How To Find Sample Information From Srr Labels In Geo?
2
3
Entering edit mode
8.4 years ago
user ▴ 870

From GEO one can download SRR* files (ending in .sra) of illumina data that can be extracted as fastq with fastq-dump. how can the sample information for these SRR* IDs be read programmatically from the GEO/SRA metadata? The project SRP005601 has a sample "SRR097786" which is not described anywhere in the SOFT/minimal files - those files are incredibly complicated. How can I find the information describing the sample label from GEO?

the only manual solution I found to this is through http://trace.ncbi.nlm.nih.gov/Traces/sra/sra.cgi?view=search_obj ("Search SRA objects") in NCBI trace. I type in the SRR* id manually and then click around until I find the sample information, for each sample. this is a terrible manual solution so I was hoping to download this metadata and parse it from a csv file.

sra geo next-gen sequencing illumina bioinformatics • 6.3k views
6
Entering edit mode
8.4 years ago

SRR097786 is the run, not the sample (SRA is confusing). Assuming you're using R anyway:

library(SRAdb)
sra_con <- dbConnect(SQLite(),sqlfile)
res <- dbGetQuery(sra_con, "select * from sra_ft where run_accession='SRR097786'")

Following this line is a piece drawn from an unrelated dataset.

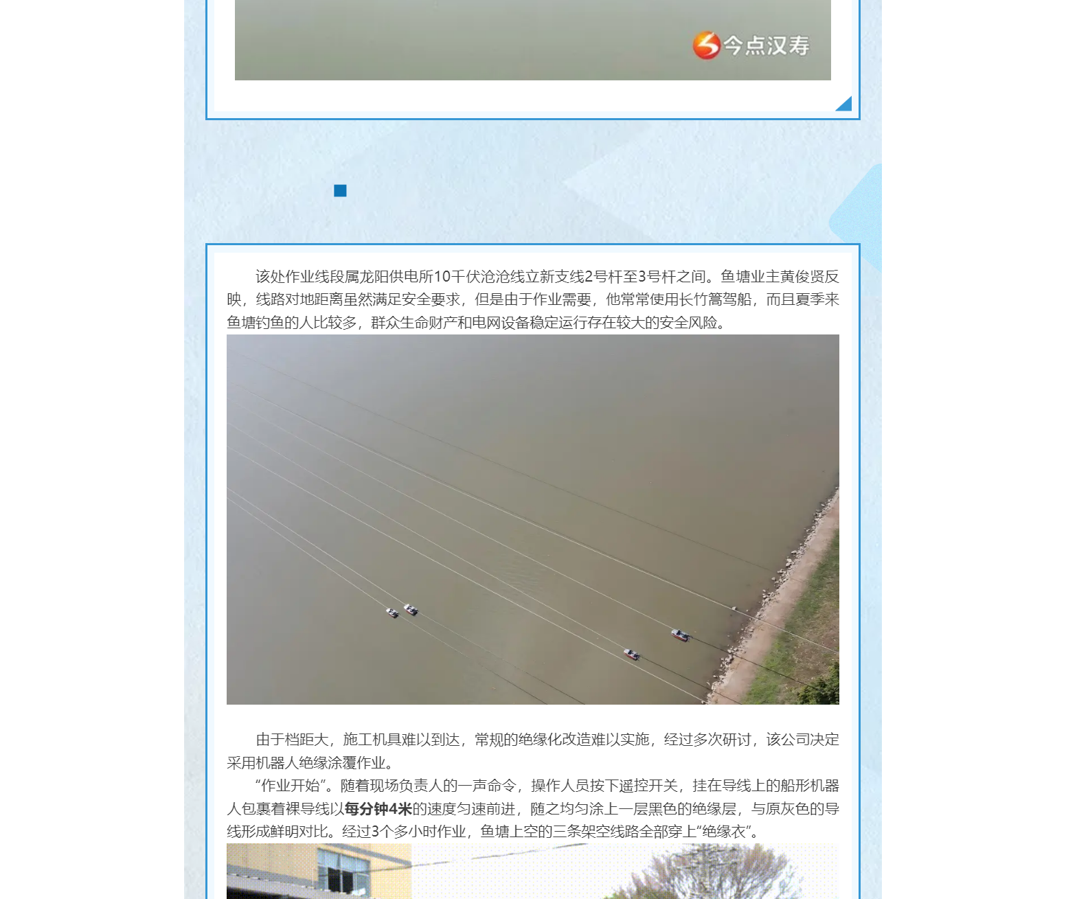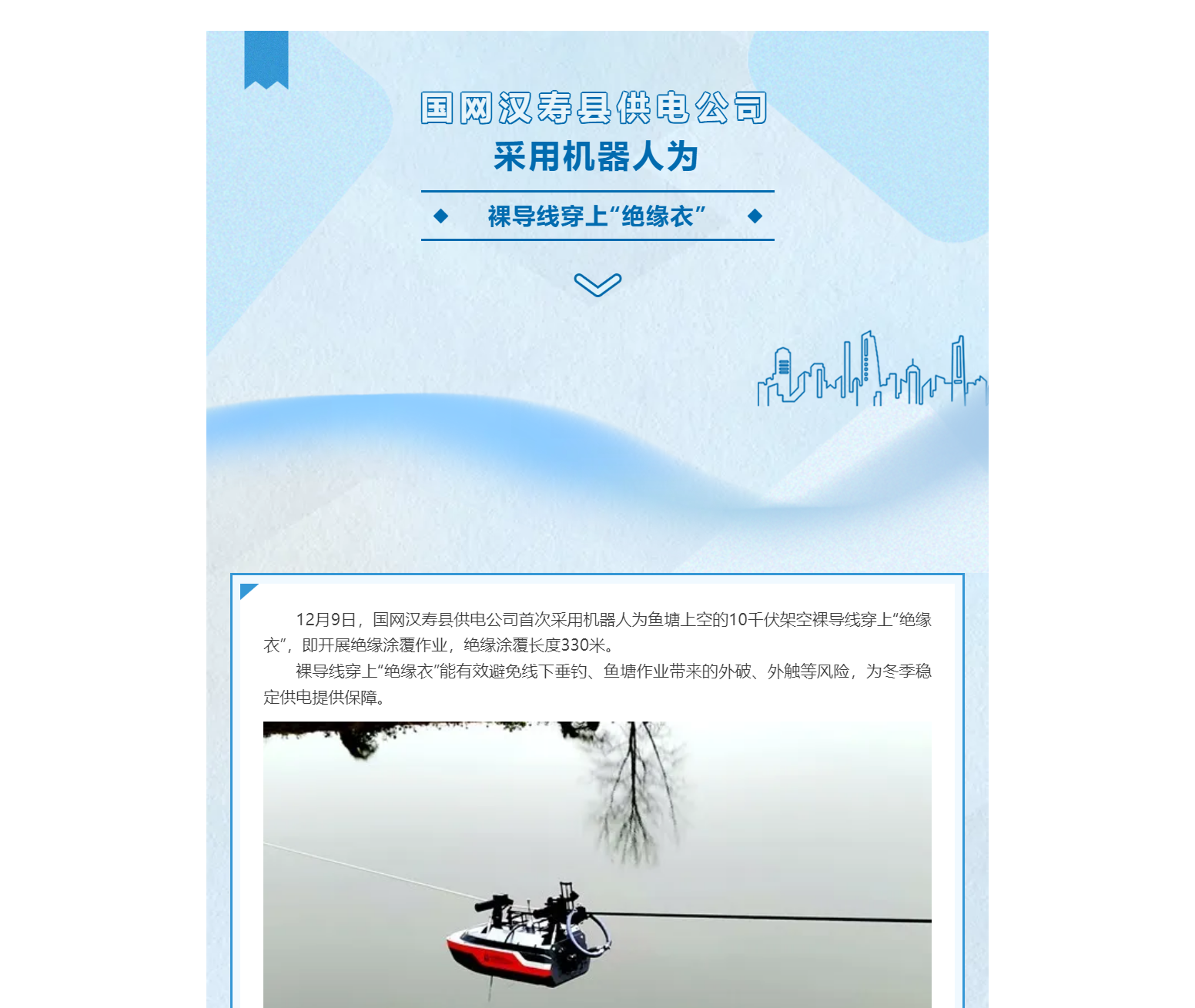 國(guó)網(wǎng)漢壽縣供電公司采用機(jī)器人為裸導(dǎo)線穿上“絕緣衣”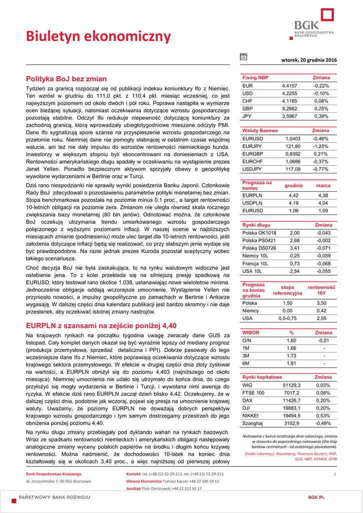 Biuletyn ekonomiczny wtorek, 20 grudnia 2016 Polityka BoJ bez zmian Fixing NBP Tydzień za granicą rozpoczął się od publikacji indeksu koniunktury Ifo z Niemiec. Ten wzrósł w grudniu do 111,0 pkt. z 110,4 pkt. miesiąc wcześniej, co jest najwyższym poziomem od około dwóch i pół roku. Poprawa nastąpiła w wymiarze ocen bieżącej sytuacji, natomiast oczekiwania dotyczące wzrostu gospodarczego pozostają stabilne. Odczyt Ifo redukuje niepewność dotyczącą koniunktury za zachodnią granicą, którą wprowadzały ubiegłotygodniowe mieszane odczyty PMI. Dane Ifo sygnalizują spore szanse na przyspieszenie wzrostu gospodarczego na przełomie roku. Niemniej dane nie pomogły słabnącej w ostatnim czasie wspólnej walucie, ani też nie dały impulsu do wzrostów rentowności niemieckiego bunda. Inwestorzy w większym stopniu byli skoncentrowani na doniesieniach z USA. Rentowności amerykańskiego długu spadały w oczekiwaniu na wystąpienie prezes Janet Yellen. Ponadto bezpiecznym aktywom sprzyjały obawy o geopolitykę wywołane wydarzeniami w Berlinie oraz w Turcji. EUR 4,4157 -0,22% USD 4,2255 -0,10% CHF 4,1185 0,08% GBP 5,2662 0,25% JPY 3,5967 0,39% Dziś rano niespodzianki nie sprawiły wyniki posiedzenia Banku Japonii. Członkowie Rady BoJ zdecydowali o pozostawieniu parametrów polityki monetarnej bez zmian. Stopa benchmarkowa pozostała na poziomie minus 0,1 proc., a target rentowności 10-letnich obligacji na poziomie zera. Zmianom nie uległa również skala rocznego zwiększania bazy monetarnej (80 bln jenów). Odnotować można, że członkowie BoJ oczekują utrzymania trendu umiarkowanego wzrostu gospodarczego połączonego z wyższymi poziomami inflacji. W naszej ocenie w najbliższych miesiącach zmianie (podniesieniu) może ulec target dla 10-letnich rentowności, jeśli założenia dotyczące inflacji będą się realizować, co przy słabszym jenie wydaje się być prawdopodobne. Na razie jednak prezes Kuroda pozostał sceptyczny wobec takiego scenariusza. Prognoza na koniec EURPLN Choć decyzja BoJ nie była zaskakująca, to na rynku walutowym widoczne jest osłabienie jena. To z kolei przekłada się na silniejszą presję spadkową na EURUSD, który testował rano okolice 1,038, ustanawiając nowe wieloletnie minima. Jednocześnie obligacje oddają wczorajsze umocnienie. Wystąpienie Yellen nie przyniosło nowości, a impulsy geopolityczne po zamachach w Berlinie i Ankarze wygasają. W dalszej części dnia kalendarz publikacji jest bardzo skromny i nie daje przesłanek, aby oczekiwać istotnej zmiany nastrojów. Zmiana Waluty Bazowe Zmiana EURUSD 1,0403 -0,46% EURJPY 121,80 -1,25% EURGBP 0,8392 0,21% EURCHF 1,0686 -0,37% USDJPY 117,09 -0,77% grudnia marca 4,42 4,38 USDPLN 4,19 4,04 EURUSD 1,06 1,09 Rynki długu Zmiana Polska OK1018 2,00 -0,043 Polska PS0421 2,68 -0,002 Polska DS0726 3,41 -0,071 Niemcy 10L 0,25 -0,059 Francja 10L 0,73 -0,068 USA 10L 2,54 -0,055 Prognoza na koniec grudnia Polska stopa referencyjna rentowność 10Y 1,50 3,50 0,00 0,42 0,5-0,75 2,55 Niemcy USA EURPLN z szansami na zejście poniżej 4,40 Na krajowych rynkach na początku tygodnia uwagę zwracały dane GUS za listopad. Cały komplet danych okazał się być wyraźnie lepszy od mediany prognoz (produkcja przemysłowa, sprzedaż detaliczna i PPI). Dobrze pasowały do tego wcześniejsze dane Ifo z Niemiec, które poprawiają oczekiwania dotyczące wzrostu krajowego sektora przemysłowego. W efekcie w drugiej części dnia złoty zyskiwał na wartości, a EURPLN obniżył się do poziomu 4,403 (najniższego od około miesiąca). Niemniej umocnienia nie udało się utrzymało do końca dnia, do czego przyłożyć się mogły wydarzenia w Berlinie i Turcji, i wywołana nimi awersja do ryzyka. W efekcie dziś rano EURPLN zaczął dzień blisko 4,42. Oczekujemy, że w dalszej części dnia, podobnie jak wczoraj, pojawi się presja na umocnienie krajowej waluty. Uważamy, że poziomy EURPLN nie doważają dobrych perspektyw krajowego wzrostu gospodarczego i tym samym dostrzegamy przestrzeń do jego obniżenia poniżej poziomu 4,40. Na rynku długu zmiany przebiegały pod dyktando wahań na rynkach bazowych. Wraz ze spadkami rentowności niemieckich i amerykańskich obligacji następowały analogiczne zmiany wyceny polskich papierów na środku i długim końcu krzywej rentowności. Można nadmienić, że dochodowości 10-latek na koniec dnia kształtowały się w okolicach 3,40 proc., a więc najniższej od pierwszej połowy Bank Gospodarstwa Krajowego Kontakt: tel. (+48 22) 52-29-211, tel. (+48 22) 52-29-211 Al. Jerozolimskie 7, 00-955 Warszawa Główny Ekonomista Tomasz Kaczor +48 22 596 59 13 Analityk Piotr Dmitrowski +48 22 522 92 17 WIBOR % Zmiana O/N 1,60 -0,01 1M 1,66 - 3M 1,73 - 6M 1,81 - Rynki kapitałowe Zmiana WIG 51129,3 0,03% FTSE 100 7017,2 0,08% DAX 11426,7 0,20% DJI 19883,1 0,20% NIKKEI 19494,5 0,53% Szanghaj 3102,9 -0,49% Notowania z końca ostatniego dnia roboczego, zmiana w stosunku do poprzedniego notowania (dla stóp banków centralnych - od ostatniego posiedzenia). Źródła informacji: Bloomberg, Thomson Reuters, PAP, GUS, NBP, NYMEX, GPW 1 Biuletyn ekonomiczny wtorek, 20 grudnia 2016 że polskie papiery nadal będą wrażliwe na ruchy na rynkach bazowych i widoczne rano zagranicą oddawanie wczorajszego umocnienia przełoży się na przesuniecie krzywej w górę. listopada. Wpływ krajowych danych makro ograniczył się do utrzymania rentowności krótkiego końca krzywej na poziomie przekraczającym 2,0 proc. W najbliższym czasie oczekiwać można typowego dla okresu świątecznego ograniczenia obrotów. Jednocześnie dzisiaj oczekujemy, Kalendarz publikacji danych makroekonomicznych Data Godz Kraj Publikacja Okres Jednostka Prognoza Konsensus Poprzednio 20 gru 10:00 EU paz mld - - 29,8 21 gru 16:00 US lis mln - 5,5 5,6 22 gru 14:30 US Bilans obrotów bieżących Sprzedaż domów na rynku wtórnym Zamówienia na dobra trwałe lis % - -4,7 4,6 22 gru 14:30 US N

Most anything you want to know is in the various columns, which can be tailored. You can also just directly download the database and use it directly, if you prefer. If you only need to do this once, then you just have to click around on SRA to find what you want. It's an unfortunately complicated site.

2
Entering edit mode
5.6 years ago

I agree Devons solution is the most handy if you use R. However, it is missing some information (for instance, the number of spots for each sample) that you can get as follows:

wget -O SRP005601_metadata.csv 'http://trace.ncbi.nlm.nih.gov/Traces/sra/sra.cgi?save=efetch&db=sra&rettype=runinfo&term=SRP005601'